- **Source material**
▶
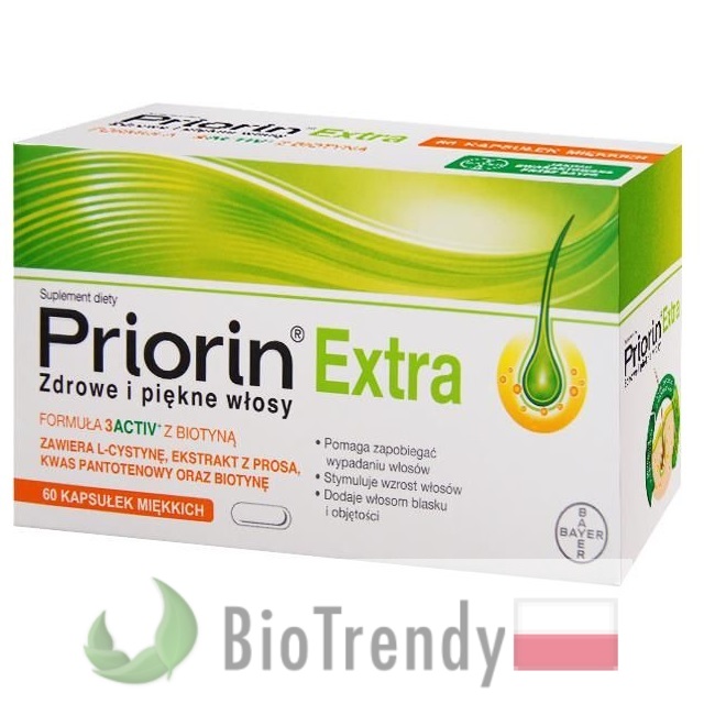 Priorin Extra to suplement diety w postaci kapsułek, który oparty jest wyłącznie o naturalne składniki odżywcze, takie jak: Proso zwyczajne (Proso właściwe: Panicum miliaceum), L-cysteina (Cys: Kwas (2R)-2-amino-3-sulfanylopropanowy), Witamina B5 (Kwas pantotenowy) oraz Witamina B7 (Witamina H: Biotyna).
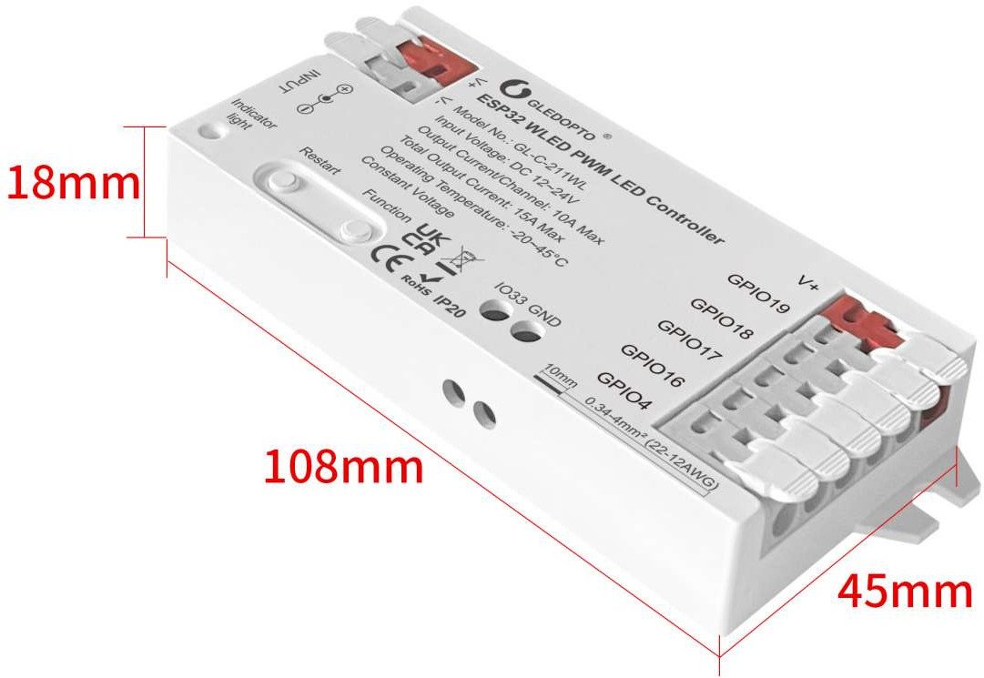Ελεγκτής LED Gledopto Synergy 21 EOS 55 WLED ESP32 PWM 5in1 12/24V (GL-C-211WL)
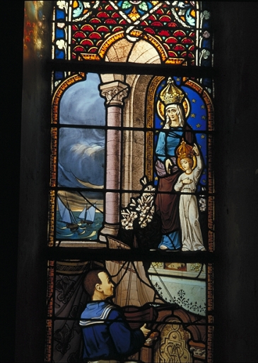 Verrière-ex-voto (?) de la baie 8 : Jeune marin offrant un maquette de bateau à la Vierge,
◀
- **Work required**
Repeat the data word for word. Skip the pictures.

- **Exercise solution**
 Priorin Extra to suplement diety w postaci kapsułek, który oparty jest wyłącznie o naturalne składniki odżywcze, takie jak: Proso zwyczajne (Proso właściwe: Panicum miliaceum), L-cysteina (Cys: Kwas (2R)-2-amino-3-sulfanylopropanowy), Witamina B5 (Kwas pantotenowy) oraz Witamina B7 (Witamina H: Biotyna).
Ελεγκτής LED Gledopto Synergy 21 EOS 55 WLED ESP32 PWM 5in1 12/24V (GL-C-211WL)
 Verrière-ex-voto (?) de la baie 8 : Jeune marin offrant un maquette de bateau à la Vierge,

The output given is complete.